EXERCISE AIM: Only the lines from the one with "Collection de fleurs" to the end of the data, both ends included, should be output, exactly as they stand and without pictures.

Extracted records:
┄┄┄┄┄┄┄┄┄┄┄┄┄┄┄┄┄┄┄┄
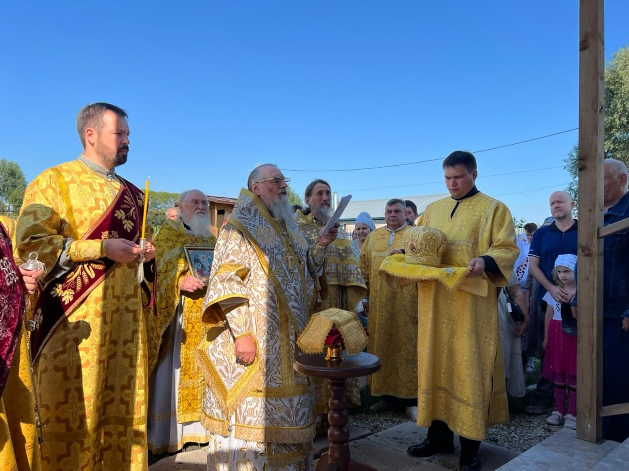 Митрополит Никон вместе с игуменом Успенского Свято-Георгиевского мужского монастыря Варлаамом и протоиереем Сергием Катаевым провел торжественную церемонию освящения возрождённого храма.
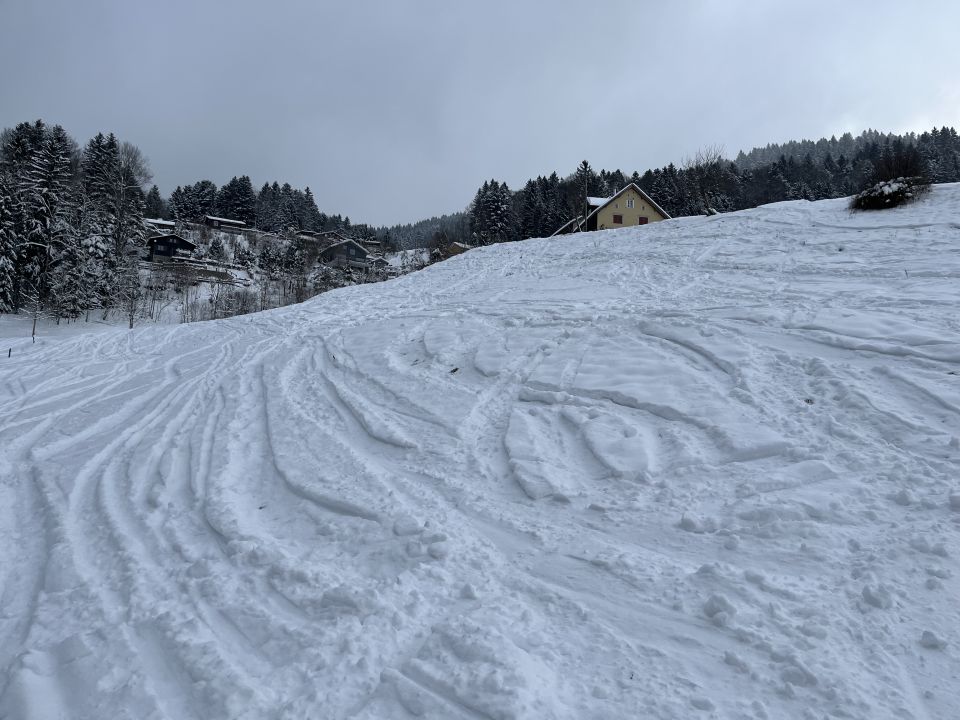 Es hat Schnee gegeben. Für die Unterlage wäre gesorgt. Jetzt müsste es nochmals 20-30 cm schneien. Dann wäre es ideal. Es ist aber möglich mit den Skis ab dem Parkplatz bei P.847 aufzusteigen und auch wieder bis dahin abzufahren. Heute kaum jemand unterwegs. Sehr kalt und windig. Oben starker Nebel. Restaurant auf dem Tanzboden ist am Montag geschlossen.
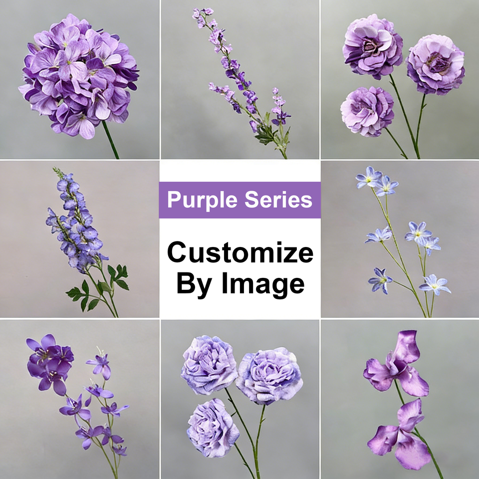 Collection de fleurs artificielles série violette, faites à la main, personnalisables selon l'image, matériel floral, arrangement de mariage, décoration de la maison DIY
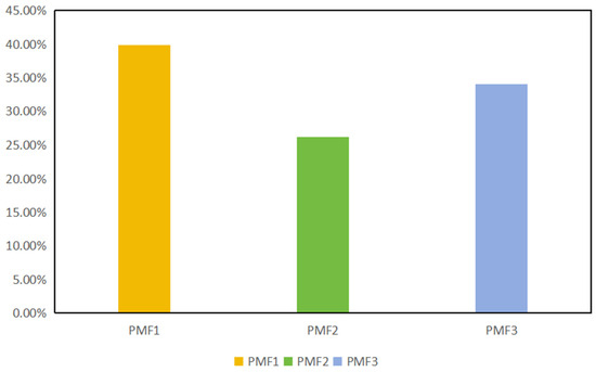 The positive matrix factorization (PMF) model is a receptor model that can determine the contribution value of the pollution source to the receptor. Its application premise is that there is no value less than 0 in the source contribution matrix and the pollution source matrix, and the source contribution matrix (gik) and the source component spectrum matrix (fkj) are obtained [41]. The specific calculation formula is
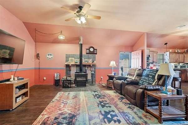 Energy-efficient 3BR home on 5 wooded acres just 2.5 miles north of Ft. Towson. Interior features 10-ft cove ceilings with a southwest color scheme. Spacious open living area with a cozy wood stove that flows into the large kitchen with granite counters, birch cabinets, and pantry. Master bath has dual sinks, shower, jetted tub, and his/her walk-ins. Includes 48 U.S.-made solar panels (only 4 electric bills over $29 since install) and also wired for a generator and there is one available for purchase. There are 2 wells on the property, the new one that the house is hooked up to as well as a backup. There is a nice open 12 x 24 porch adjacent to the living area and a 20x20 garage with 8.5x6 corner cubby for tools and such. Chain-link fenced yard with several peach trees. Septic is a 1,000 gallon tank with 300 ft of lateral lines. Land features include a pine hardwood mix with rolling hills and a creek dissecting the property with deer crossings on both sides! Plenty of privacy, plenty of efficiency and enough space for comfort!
┄┄┄┄┄┄┄┄┄┄┄┄┄┄┄┄┄┄┄┄
RESULT FOR THIS TASK:
 Collection de fleurs artificielles série violette, faites à la main, personnalisables selon l'image, matériel floral, arrangement de mariage, décoration de la maison DIY
 The positive matrix factorization (PMF) model is a receptor model that can determine the contribution value of the pollution source to the receptor. Its application premise is that there is no value less than 0 in the source contribution matrix and the pollution source matrix, and the source contribution matrix (gik) and the source component spectrum matrix (fkj) are obtained [41]. The specific calculation formula is
 Energy-efficient 3BR home on 5 wooded acres just 2.5 miles north of Ft. Towson. Interior features 10-ft cove ceilings with a southwest color scheme. Spacious open living area with a cozy wood stove that flows into the large kitchen with granite counters, birch cabinets, and pantry. Master bath has dual sinks, shower, jetted tub, and his/her walk-ins. Includes 48 U.S.-made solar panels (only 4 electric bills over $29 since install) and also wired for a generator and there is one available for purchase. There are 2 wells on the property, the new one that the house is hooked up to as well as a backup. There is a nice open 12 x 24 porch adjacent to the living area and a 20x20 garage with 8.5x6 corner cubby for tools and such. Chain-link fenced yard with several peach trees. Septic is a 1,000 gallon tank with 300 ft of lateral lines. Land features include a pine hardwood mix with rolling hills and a creek dissecting the property with deer crossings on both sides! Plenty of privacy, plenty of efficiency and enough space for comfort!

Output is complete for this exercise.